#### Assignment
Leave every image behind and restate the data word for word.

#### Stored data
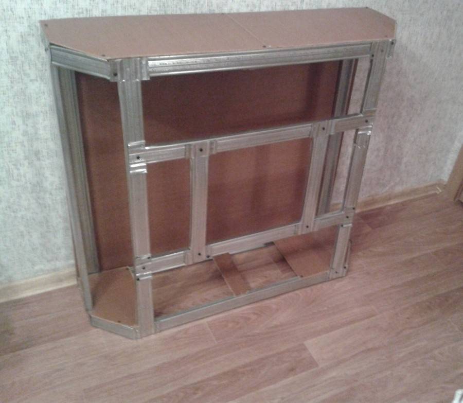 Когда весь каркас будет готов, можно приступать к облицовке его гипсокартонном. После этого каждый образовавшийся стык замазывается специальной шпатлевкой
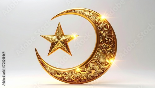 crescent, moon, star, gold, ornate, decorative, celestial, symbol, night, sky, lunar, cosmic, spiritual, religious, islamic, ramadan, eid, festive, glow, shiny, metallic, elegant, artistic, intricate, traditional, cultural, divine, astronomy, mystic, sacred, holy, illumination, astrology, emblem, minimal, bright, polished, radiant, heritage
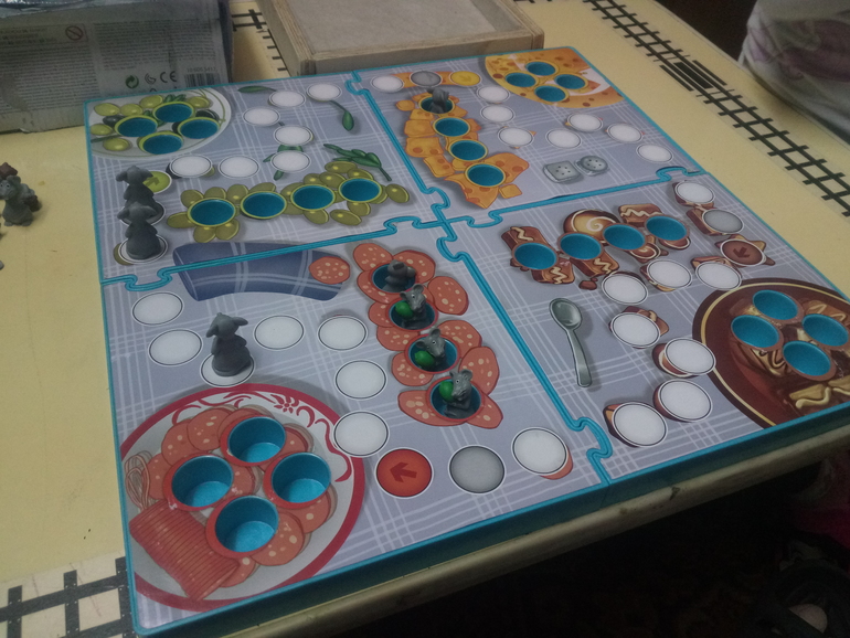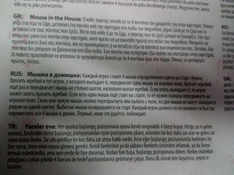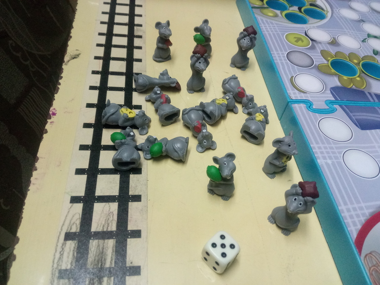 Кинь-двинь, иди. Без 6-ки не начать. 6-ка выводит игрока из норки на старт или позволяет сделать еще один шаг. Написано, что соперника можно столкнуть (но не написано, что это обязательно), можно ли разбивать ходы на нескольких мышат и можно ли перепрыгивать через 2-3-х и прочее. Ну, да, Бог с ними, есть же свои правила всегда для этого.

#### Exercise output
 Когда весь каркас будет готов, можно приступать к облицовке его гипсокартонном. После этого каждый образовавшийся стык замазывается специальной шпатлевкой
 crescent, moon, star, gold, ornate, decorative, celestial, symbol, night, sky, lunar, cosmic, spiritual, religious, islamic, ramadan, eid, festive, glow, shiny, metallic, elegant, artistic, intricate, traditional, cultural, divine, astronomy, mystic, sacred, holy, illumination, astrology, emblem, minimal, bright, polished, radiant, heritage
 Кинь-двинь, иди. Без 6-ки не начать. 6-ка выводит игрока из норки на старт или позволяет сделать еще один шаг. Написано, что соперника можно столкнуть (но не написано, что это обязательно), можно ли разбивать ходы на нескольких мышат и можно ли перепрыгивать через 2-3-х и прочее. Ну, да, Бог с ними, есть же свои правила всегда для этого.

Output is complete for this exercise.